Write out all the data verbatim. Skip images.

§ Data section:
##############################
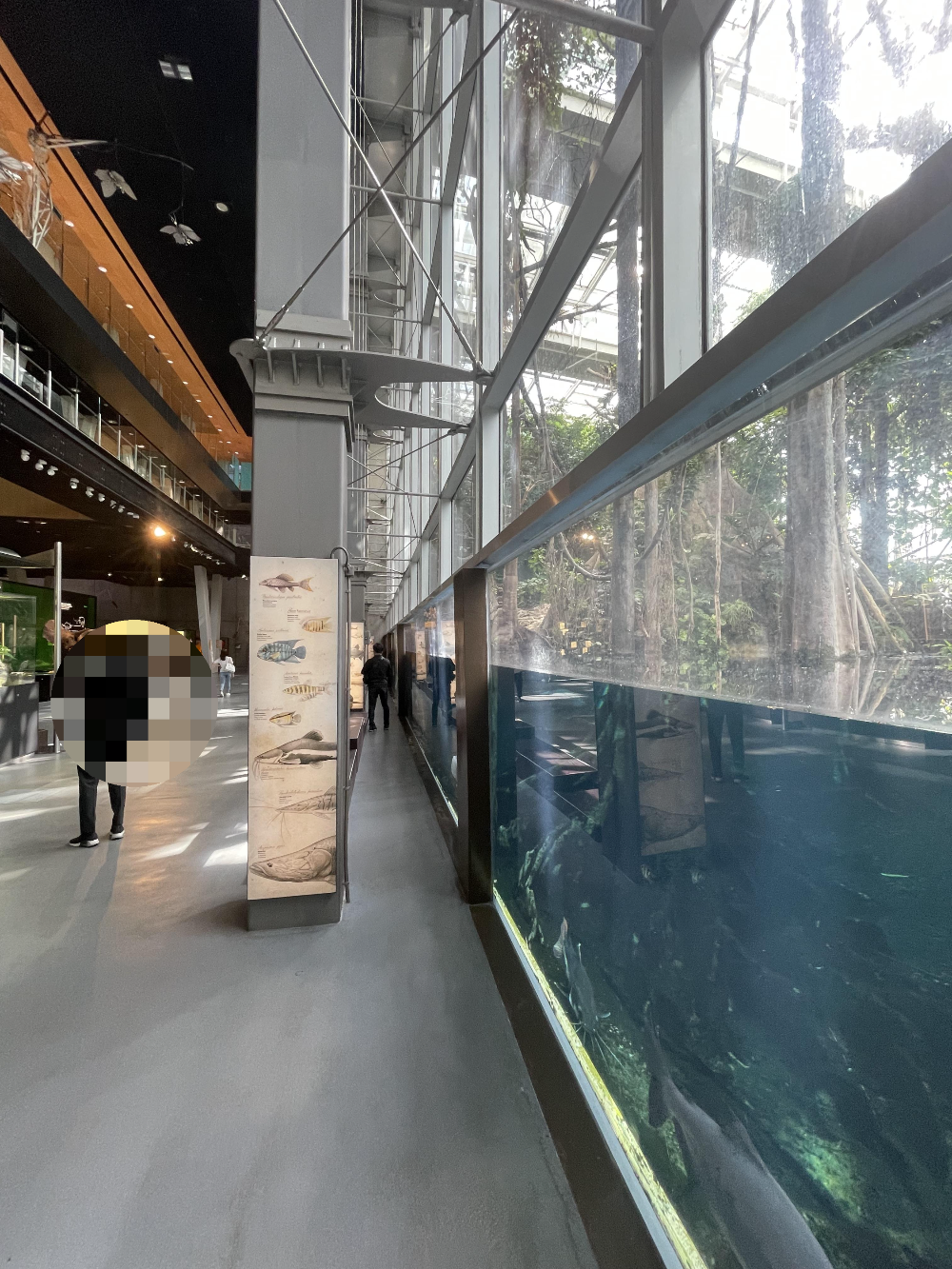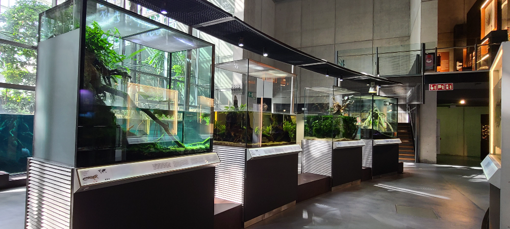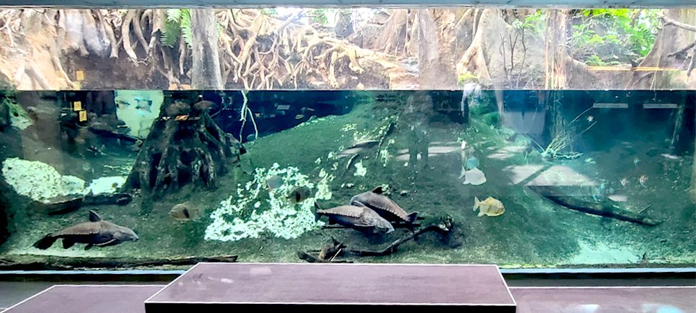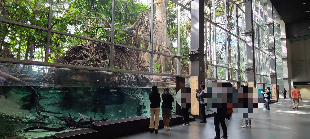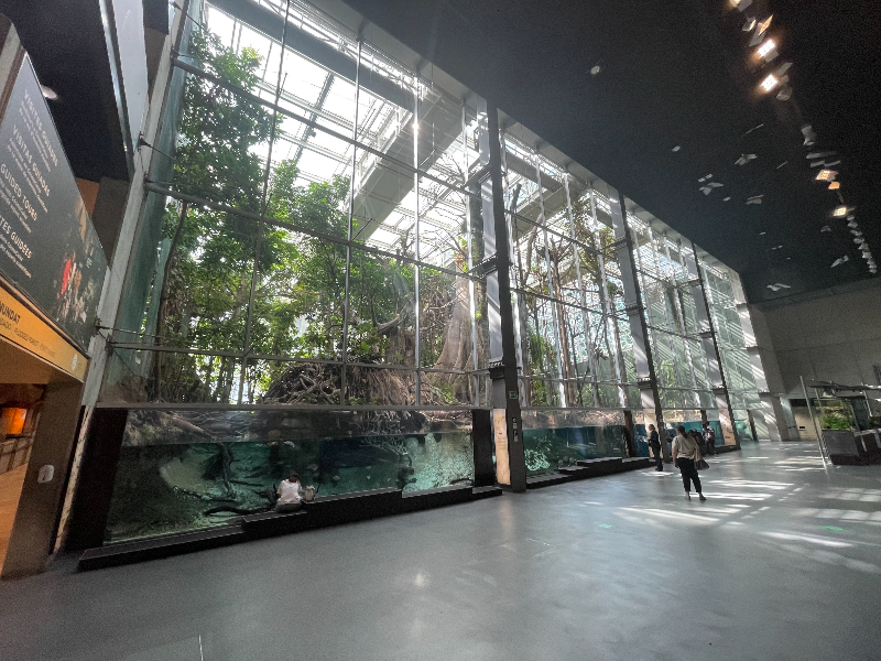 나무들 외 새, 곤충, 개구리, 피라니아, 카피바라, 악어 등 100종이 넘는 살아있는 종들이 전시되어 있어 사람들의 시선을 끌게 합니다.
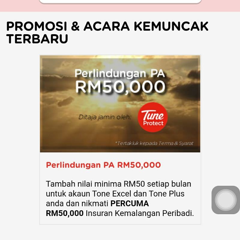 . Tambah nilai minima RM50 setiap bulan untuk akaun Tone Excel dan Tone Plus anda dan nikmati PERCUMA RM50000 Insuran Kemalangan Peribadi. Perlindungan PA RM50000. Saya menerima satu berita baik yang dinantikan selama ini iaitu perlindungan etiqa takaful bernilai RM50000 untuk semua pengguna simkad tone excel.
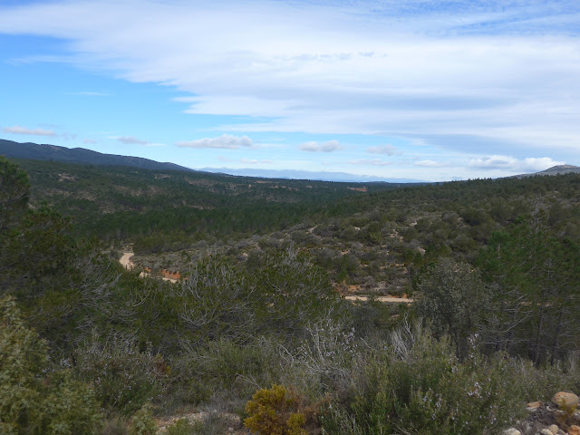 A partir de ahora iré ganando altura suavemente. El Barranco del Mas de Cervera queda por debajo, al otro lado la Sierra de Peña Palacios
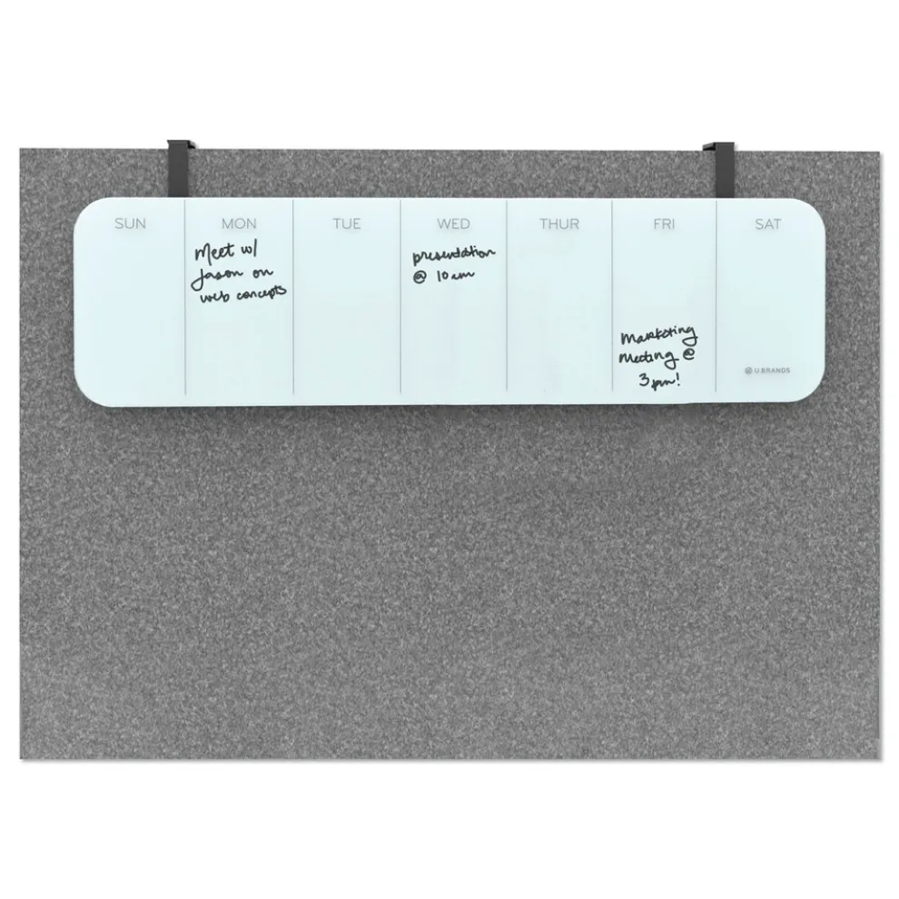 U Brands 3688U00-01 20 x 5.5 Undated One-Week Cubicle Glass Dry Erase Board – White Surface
##############################
§ Result of this task:
 나무들 외 새, 곤충, 개구리, 피라니아, 카피바라, 악어 등 100종이 넘는 살아있는 종들이 전시되어 있어 사람들의 시선을 끌게 합니다.
 . Tambah nilai minima RM50 setiap bulan untuk akaun Tone Excel dan Tone Plus anda dan nikmati PERCUMA RM50000 Insuran Kemalangan Peribadi. Perlindungan PA RM50000. Saya menerima satu berita baik yang dinantikan selama ini iaitu perlindungan etiqa takaful bernilai RM50000 untuk semua pengguna simkad tone excel.
 A partir de ahora iré ganando altura suavemente. El Barranco del Mas de Cervera queda por debajo, al otro lado la Sierra de Peña Palacios
 U Brands 3688U00-01 20 x 5.5 Undated One-Week Cubicle Glass Dry Erase Board – White Surface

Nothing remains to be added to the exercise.